Re: Balance of the Planet

Chris Crawford ist ein Pionier der Computerspiel-Industrie. Ein sympathischer, kauzig wirkender Mann, der seinen Idealen folgt. Spieleentwickler, Autor, Gründer der Game Developer Conference … und trotz aller Intelligenz und Reflektion partiell naiv und weltfremd. Dass sich mit Idealen weder Massen noch Gelder bewegen lassen, verdeutlicht nämlich Crawfords bald auslaufendes Kickstarter-Projekt Balance of the Planet. Ich mag Chris Crawford. Sehr sogar. Aber das ändert leider nichts an der Tatsache, dass der gute Mann in Bezug auf Gamedesign seit etlichen Jahren auf der Stelle tritt. Bereits in den Achtzigern forderte er mehr Mut zur Innovation, ignoriert selbst aber konsequent das Konsumverhalten der Spieler. Ein Scheitern ist da vorprogrammiert.

“This is no kid’s game: it’s a serious simulation.”

Balance of the Planet erschien ursprünglich 1990 und war schon damals ein Nischenprodukt. Es simuliert 80 verschiedene ökologische und wirtschaftliche Faktoren (z.B. Kohlendioxid-Emissionen, Luftverschmutzung, Wirtschaftswachstum, Anstieg des Meeresspiegels, Hunger, Bevölkerungswachstum) und soll — vereinfacht ausgedrückt — dabei helfen, die Probleme der Menschheit zu verstehen. Ein löblicher Ansatz, der nun von Chris Crawford neu aufgelegt werden soll, bei Kickstarter allerdings nur wenige Menschen zu begeistern weiß. Crawford äußert diesbezüglich Unverständnis.

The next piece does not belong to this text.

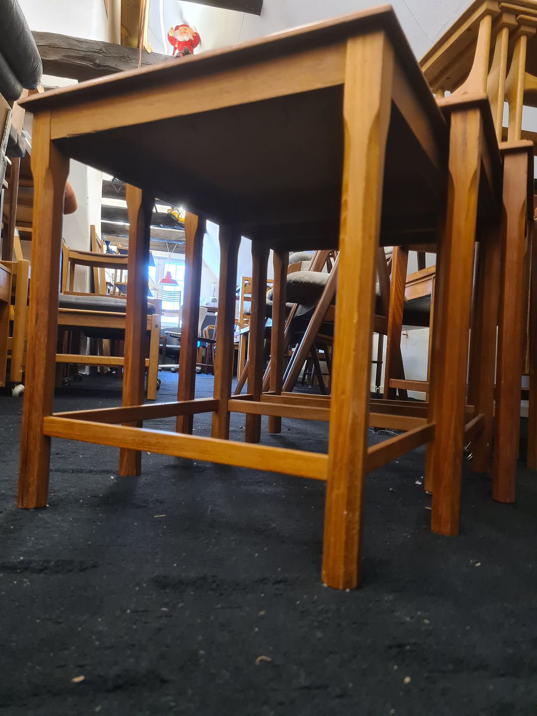 Indskudsborde fra 1970'erne i teak og med kakler. Fremstår pæne og stabile dog med bitte små afslag på kakler på det største bord.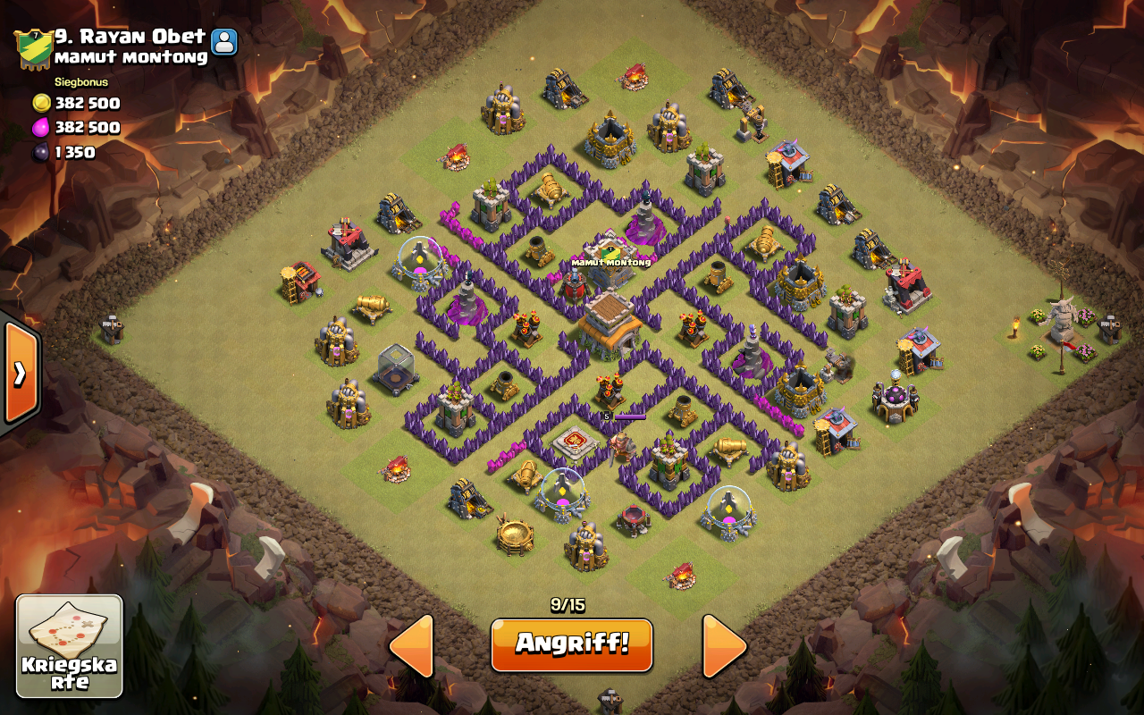 Solangsam könntest du auch die Loons setzen, am besten immer dann wenn jenes Gebäude gerade mit den Walküren beschäftigt ist.Hogs von links oben gegen den Uhrzeigersinn und Ballons Sinngemäß setzen.

Man muss kein begnadeter Spieledesigner sein, um die für das Scheitern verantwortlichen Faktoren zu erkennen. Crawford möchte auf die Probleme der Welt aufmerksam machen und scheitert an offensichtlichen Problemen, denen gegenüber er sich verschließt. Es fängt doch schon damit an, dass er nach heutigem Maßstab — bei allem nötigen Respekt — ein unglaublich schlechter Designer ist, dessen Fähigkeiten in Bezug auf Interfacedesign und Usability schlichtweg marktuntauglich sind. Die online verfügbare Alpha-Version des Spiels versprüht den Charme einer GeoCities-Homepage aus dem Jahre 1995. Visuell desaströs, inhaltlich unzugänglich. Wer das Original nicht kennt (und mochte), verliert sofort die Lust, ein mögliches Potential zu erforschen. Ganz zu schweigen von dem Kickstarter-Video, das bei aller netten Kauzigkeit nicht wirklich dazu beiträgt, dem Gegenüber Vertrauen zu schenken.

Chris Crawfords Erfolge in der Gamesbranche liegen viele Jahre zurück, der Vertrauensvorschuss vonseiten der Community ist minimal bis nicht existent. Hinzu kommt, dass Erfolg hier relativ gesehen werden muss, da der Spieleentwickler keine kommerziellen Erfolge in seiner Laufbahn zu verbuchen hat. Wer auf Spenden in Höhe von 150.000 Dollar hofft, muss demnach ein Produkt in der Schublade haben, das sich zumindest anteilig einen gewissen Zeitgeist zunutze macht. Hier wäre es beispielsweise ratsam gewesen, Crawford hätte sich mit einem Grafikdesigner zusammengeschlossen, der sein Handwerk versteht und somit eine ansprechende Verpackung beiträgt. Zur Veranschaulichung möchte ich Fate of the World erwähnen — ein Spiel, das auf einem ähnlichen Prinzip basiert, ohne den Augen der Konsumenten einer grausamen Folter auszusetzen.

Doch selbst mit Verstärkung und Fachkompetenz im Rücken wäre das Projekt sehr wahrscheinlich gescheitert. Bei Crawford hat man stellenweise das Gefühl, er würde mit versiegelten Ohren in einer Höhle sitzen und frei von Einflüssen der Gegenwart vor sich hinwerkeln. Ignoranz bedeutet Stillstand und Stillstand bedeutet Ignoranz. Diesen Faktor hat Chris Crawford in seine Rechnung leider nicht mit einbezogen — dabei hätte er nur seine Augen öffnen müssen.

(An dieser Stelle sei auch der aktuelle Stay Forver-Podcast empfohlen, in dem Gunnar Lott und Christian Schmidt u.a. auch über Crawford und sein Projekt sprechen.)